_BRIEF_.
Each line of the records that follow must come back exactly, with pictures skipped.

Data entries:

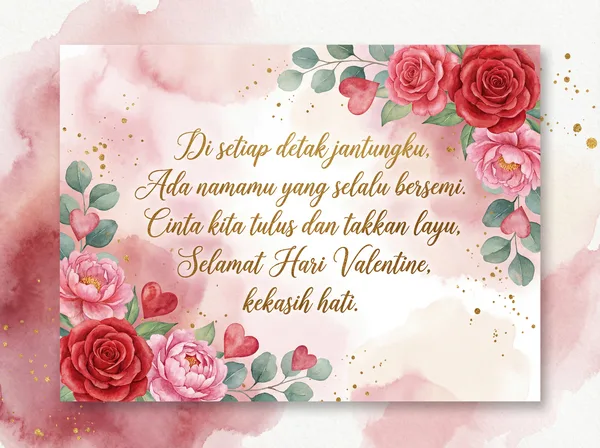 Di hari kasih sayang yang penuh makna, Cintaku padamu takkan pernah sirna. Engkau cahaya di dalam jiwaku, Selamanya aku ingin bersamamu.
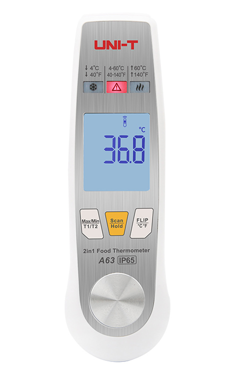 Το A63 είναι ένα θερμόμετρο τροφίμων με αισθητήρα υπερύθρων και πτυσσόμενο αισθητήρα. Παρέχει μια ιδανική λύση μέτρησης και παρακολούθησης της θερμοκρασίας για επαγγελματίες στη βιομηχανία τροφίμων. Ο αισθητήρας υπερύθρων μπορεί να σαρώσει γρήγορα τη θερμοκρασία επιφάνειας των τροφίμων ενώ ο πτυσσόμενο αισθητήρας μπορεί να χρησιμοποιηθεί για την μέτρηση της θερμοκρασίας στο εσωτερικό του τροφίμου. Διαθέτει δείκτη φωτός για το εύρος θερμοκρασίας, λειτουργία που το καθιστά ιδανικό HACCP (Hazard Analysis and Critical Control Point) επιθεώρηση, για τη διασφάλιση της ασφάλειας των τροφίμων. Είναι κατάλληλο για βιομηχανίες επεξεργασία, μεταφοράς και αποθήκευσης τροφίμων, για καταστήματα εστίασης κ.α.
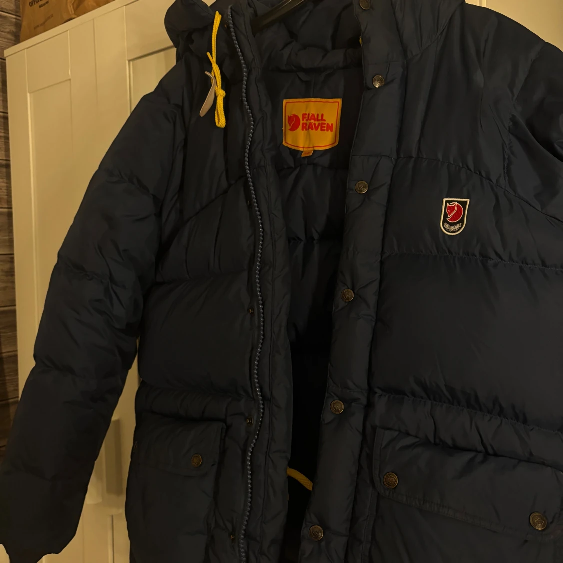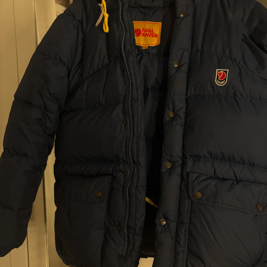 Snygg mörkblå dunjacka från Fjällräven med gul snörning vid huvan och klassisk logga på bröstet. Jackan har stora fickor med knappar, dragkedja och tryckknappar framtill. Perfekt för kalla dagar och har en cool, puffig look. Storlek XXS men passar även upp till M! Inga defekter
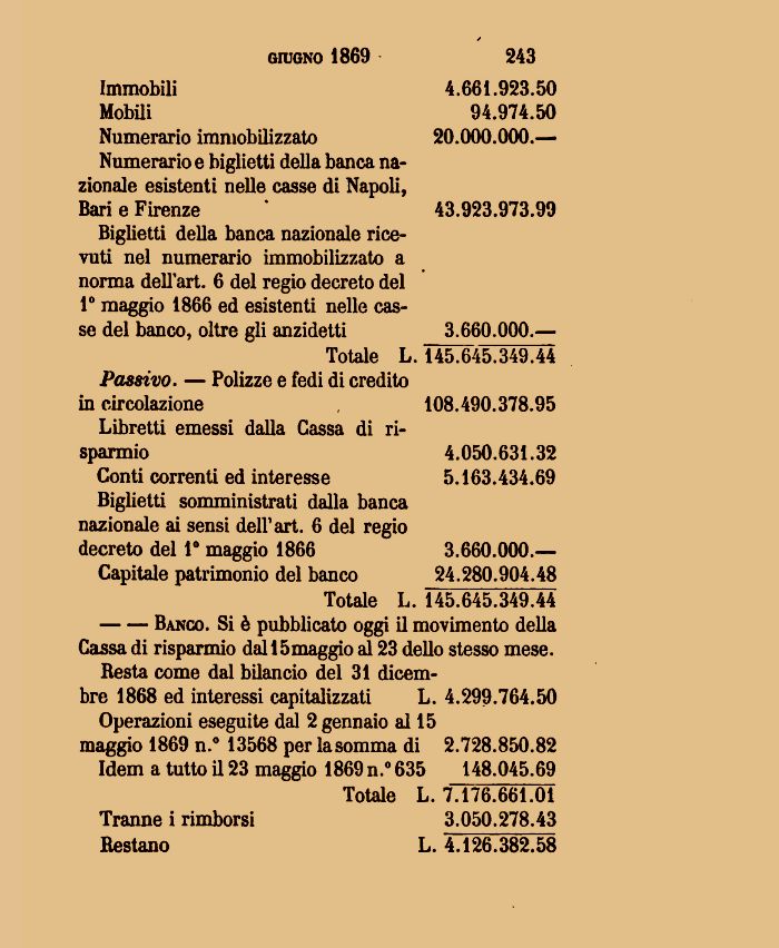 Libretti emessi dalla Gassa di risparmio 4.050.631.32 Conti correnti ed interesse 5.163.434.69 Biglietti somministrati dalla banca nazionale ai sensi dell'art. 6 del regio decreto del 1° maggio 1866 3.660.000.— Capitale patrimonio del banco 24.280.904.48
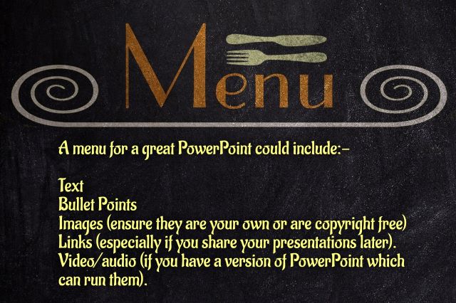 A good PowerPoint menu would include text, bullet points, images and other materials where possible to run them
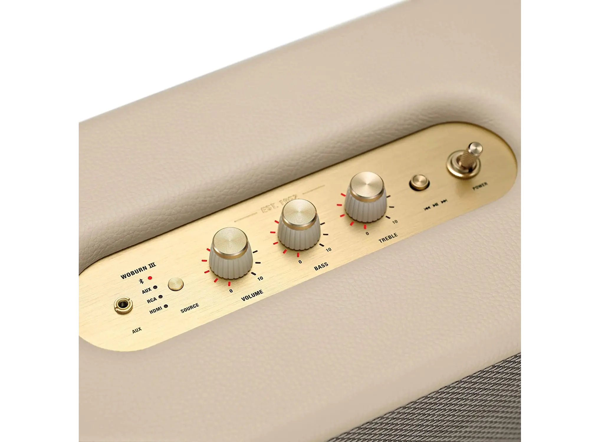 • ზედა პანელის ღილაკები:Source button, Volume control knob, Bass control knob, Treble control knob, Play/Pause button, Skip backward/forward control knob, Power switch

_ANSWER TO THE EXERCISE_.
 Di hari kasih sayang yang penuh makna, Cintaku padamu takkan pernah sirna. Engkau cahaya di dalam jiwaku, Selamanya aku ingin bersamamu.
 Το A63 είναι ένα θερμόμετρο τροφίμων με αισθητήρα υπερύθρων και πτυσσόμενο αισθητήρα. Παρέχει μια ιδανική λύση μέτρησης και παρακολούθησης της θερμοκρασίας για επαγγελματίες στη βιομηχανία τροφίμων. Ο αισθητήρας υπερύθρων μπορεί να σαρώσει γρήγορα τη θερμοκρασία επιφάνειας των τροφίμων ενώ ο πτυσσόμενο αισθητήρας μπορεί να χρησιμοποιηθεί για την μέτρηση της θερμοκρασίας στο εσωτερικό του τροφίμου. Διαθέτει δείκτη φωτός για το εύρος θερμοκρασίας, λειτουργία που το καθιστά ιδανικό HACCP (Hazard Analysis and Critical Control Point) επιθεώρηση, για τη διασφάλιση της ασφάλειας των τροφίμων. Είναι κατάλληλο για βιομηχανίες επεξεργασία, μεταφοράς και αποθήκευσης τροφίμων, για καταστήματα εστίασης κ.α.
 Snygg mörkblå dunjacka från Fjällräven med gul snörning vid huvan och klassisk logga på bröstet. Jackan har stora fickor med knappar, dragkedja och tryckknappar framtill. Perfekt för kalla dagar och har en cool, puffig look. Storlek XXS men passar även upp till M! Inga defekter
 Libretti emessi dalla Gassa di risparmio 4.050.631.32 Conti correnti ed interesse 5.163.434.69 Biglietti somministrati dalla banca nazionale ai sensi dell'art. 6 del regio decreto del 1° maggio 1866 3.660.000.— Capitale patrimonio del banco 24.280.904.48
 A good PowerPoint menu would include text, bullet points, images and other materials where possible to run them
 • ზედა პანელის ღილაკები:Source button, Volume control knob, Bass control knob, Treble control knob, Play/Pause button, Skip backward/forward control knob, Power switch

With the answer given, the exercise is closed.